What's great about Clojure is that while Ruby might be an acceptable lisp,
and lisp might not be an acceptable lisp, Clojure is a more than acceptable lisp. If we avoid the minefield of type systems, Clojure addresses the other 4 problems Steve Yegge discusses in the previous link².

2) Immutability

The core data structures in clojure are immutable. If I define car to be "a dirty van", nothing can ever change that. I can name some other thing car later, but anything referencing that first car will always be referencing "a dirty van".

This is great for a host of reasons. For one, you get parallelization for free — since nothing will mutate your collection, mapping or reducing some function over it can be hadooped out to as many clouds as you want without changing your algorithms.

It's also much easier to can reason about your code.
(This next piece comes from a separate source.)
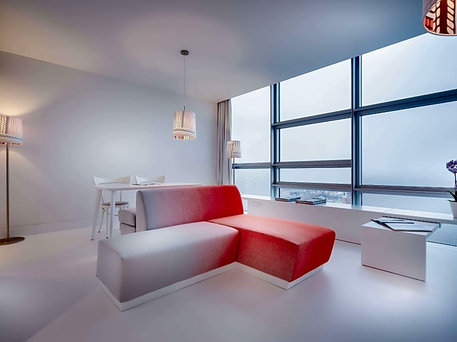 This color-themed room provides views of the Giant Ferris Wheel. It is decorated in white offers Nespresso coffee machine and Bose Wave Music System. The luxuriously decorated private bathroom features separate bathtub and shower, as well as exclusive Comfort Zone skin care products.

There's a famous quote by Larry Wall:

[Perl] would prefer that you stayed out of its living room because you weren't invited, not because it has a shotgun.

He was talking about private methods, but the same is true for mutability in most languages. You call some method and who knows if it mutated a value you were using? You would prefer it not to, but you have no shotgun, and frankly it's so easy to mutate state without even knowing that you are. Consider Python:

str1 = "My name "
str2 = str1
str1 += "is Max"
print str1
# "My name is Max"
print str2
# "My name"

list1 = [1, 2, 3]
list2 = list1
list1 += [4, 5]
print list1
# [1, 2, 3, 4, 5]
print list2
# [1, 2, 3, 4, 5]

Calling += on a string returned a new one, while calling += on a list mutated it in place! I have to remember which types are mutable, and whether += will give me a new object or mutate the existing one depending on its type. Who knows what might happen when you start passing your variables by reference to somewhere else?

Not having the choice to mutate state is as liberating as getting rid of your Facebook account.

3) Data first programming

Walking away from object-oriented languages is very freeing.

I want to design a model for the game of poker. I start by listing the nouns³: "card", "deck", "hand", "player", "dealer", etc. Then I think of the verbs, "deal", "bet", "fold", etc.

Now what? Here's a typical StackOverflow question demonstrating the confusion that comes with designing like this. Is the dealer a kind of player or a separate class? If players have hands of cards, how does the deck keep track of what cards are left?

At the end of the day, the work of programming a poker game is codifying all of the actual rules of the game, and these will end up in a Game singleton that does most of the work anyway.

If you start by thinking about data and the functions that operate on it, there's a natural way to solve hard problems from the top-down, which lets you quickly iterate your design (see below). You have some data structure that represents the game state, a structure representing possible actions a player can take, and a function to transform a game state and an action into the next game state. That function encodes the actual rules of poker (defined in lots of other, smaller functions).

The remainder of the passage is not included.